Нет, они не просто брели! Они тщательно изучали обстановку. Имея в запасе по настоящей банке. Мало ли что, ведь «Отдел» не дремал. Рисковать не стоило.
Затем Шота делал вид, что поправляет шнуровку на ботинке. Банка при этом ставилась на какую-нибудь поверхность. Этот же трюк повторял и Савелий.
Потом они брали не свои банки и вскоре расходились.
Савелий находил в банке завёрнутые в стерильный бинт ампулу, пилку и одноразовый шприц. Любой туалет подходил для того, чтобы произвести… манипуляцию…
Сегодня он заказал две ампулы. Разумеется, за двойную плату. Шота лишних вопросов не задавал. Передача товара прошла как по маслу, без эксцессов. Матери дома не было, поэтому Савелий решил не «изобретать велосипед», а просто уколоться в комфортных условиях.

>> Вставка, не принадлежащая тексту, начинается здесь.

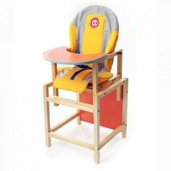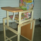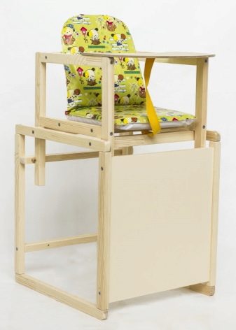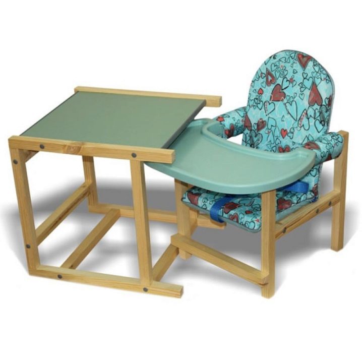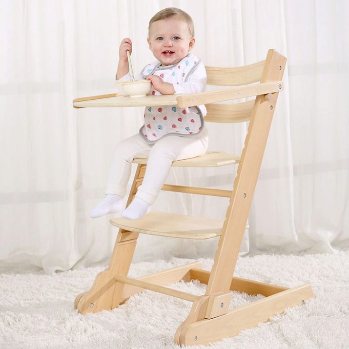 От 6 -месечна възраст родителите могат да преместят столчето за хранене на масата си, като запознаят детето със съвместно хранене. Може да се използва не само за хранене, но и за игра на игри, рисуване, сгъване на пъзели. Може да се направи от дърво или пластмаса.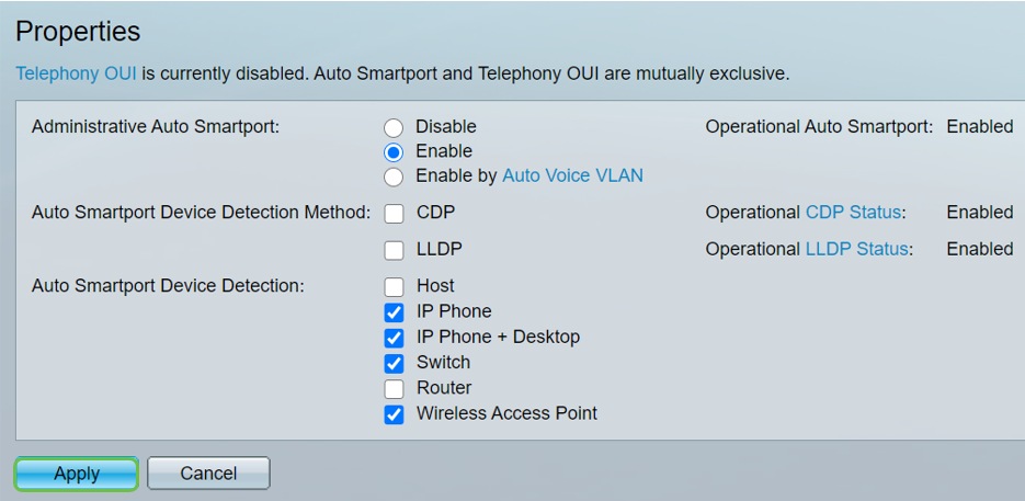 Wählen Sie Disable (Deaktivieren) neben Administrative Auto Smartport, um den Smartport global auf dem Switch zu deaktivieren. Klicken Sie auf Apply (Anwenden).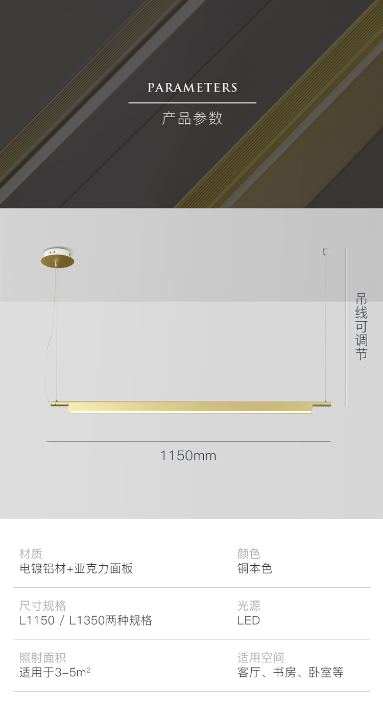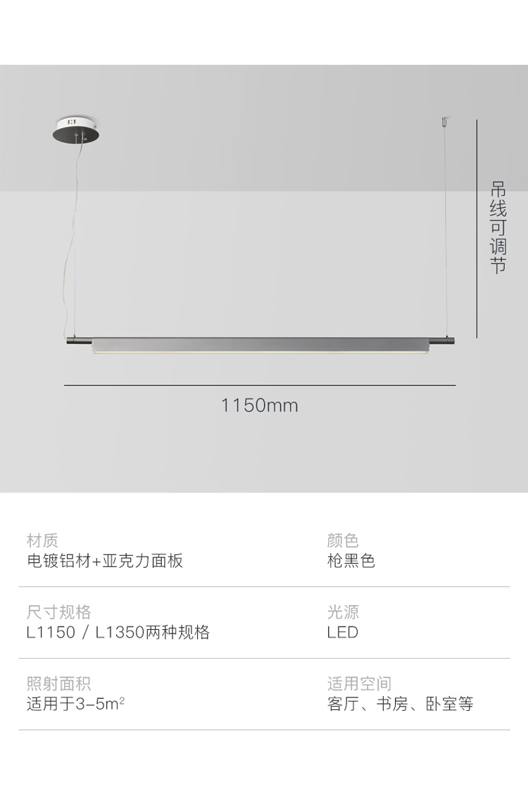 1.2米,1.5米,1.8米三種長(zhǎng)度的吊燈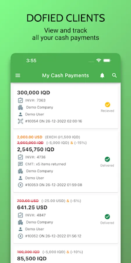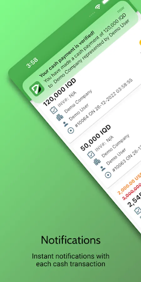 - Instant notifications for cash payments and unpaid invoices.

Какое-то время размышлял над тем, сколько вкалывать – полтора или два кубика? С двух кубиков чистого промедола могла наступить остановка дыхания; как сын врача, он хорошо это знал. Но с другой стороны меньшая доза могла оказаться недостаточной для того, чтобы понять главное – что случилось с тем самым врачом, то есть, с отцом?
Последние «заплывы» явно свидетельствовали: отец на что-то решился, на какую-то страшную авантюру. Его аура бледно мерцала на расстоянии, появлялась в проёмах света, и Савелию недоставало сил и времени её достичь.
Нет, надо вколоть два кубика! Он так решил. Всё равно Крапивницы ему не видать, как собственных ушей. Ничем не рискует.
Прощай, Мария! Авось, встретимся когда-нибудь!
И вот он в ночном городе. Плыть на этот раз пришлось дольше обычного. Город-аквариум не хотел выпускать из своих объятий. Дома и скверы словно обладали магнетизмом и притягивали. Савелий даже испугался, что заблудился, так долго пришлось плутать по безлюдным тёмным улицам.
Наконец, увидел впереди высотное здание, в окнах горел свет. К одному из окон его тянуло сильнее, чем к другим. Намного сильнее. За стеклом он различил силуэт. Кажется, это был силуэт отца. Тот сидел, склонившись над столом, и что-то писал.